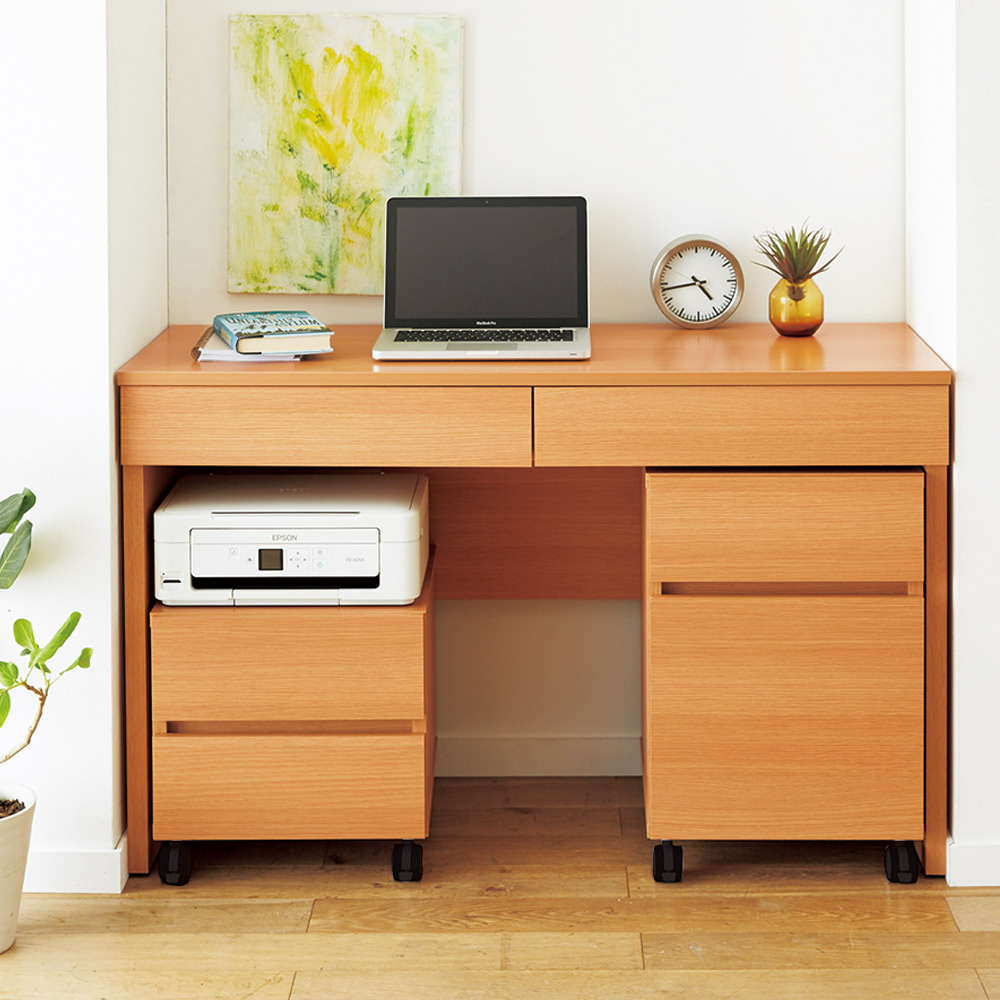 コーディネート例(ウ)ナチュラルオーク デッドスペースを活かしたワークスペース。 ※お届けはプリンターワゴンです。
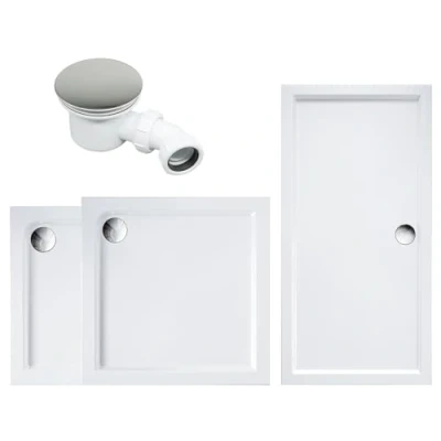 ELEGANT Rectangular 1200 x 800 40 mm Stone Tray for Shower Enclosure Cubicle + Waste Trap
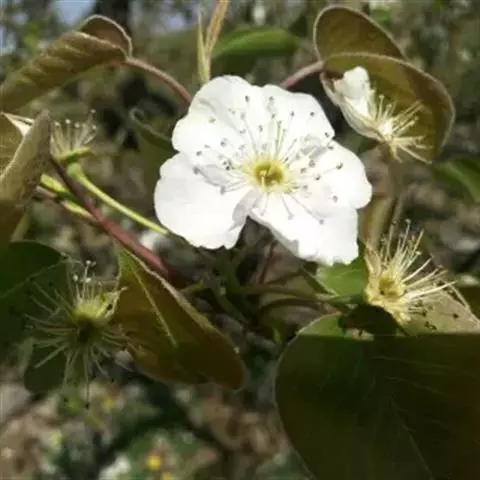 白梨蔷薇科,苹果亚科,梨属高5-8米乔木,树冠开展;二年生枝紫褐色,叶片卵形或椭圆卵形,…

* [EXERCISE OBJECTIVE]:
Every line above should be copied exactly; do not carry over the pictures.

* [YOUR SOLUTION]:
 コーディネート例(ウ)ナチュラルオーク デッドスペースを活かしたワークスペース。 ※お届けはプリンターワゴンです。
 ELEGANT Rectangular 1200 x 800 40 mm Stone Tray for Shower Enclosure Cubicle + Waste Trap
 白梨蔷薇科,苹果亚科,梨属高5-8米乔木,树冠开展;二年生枝紫褐色,叶片卵形或椭圆卵形,…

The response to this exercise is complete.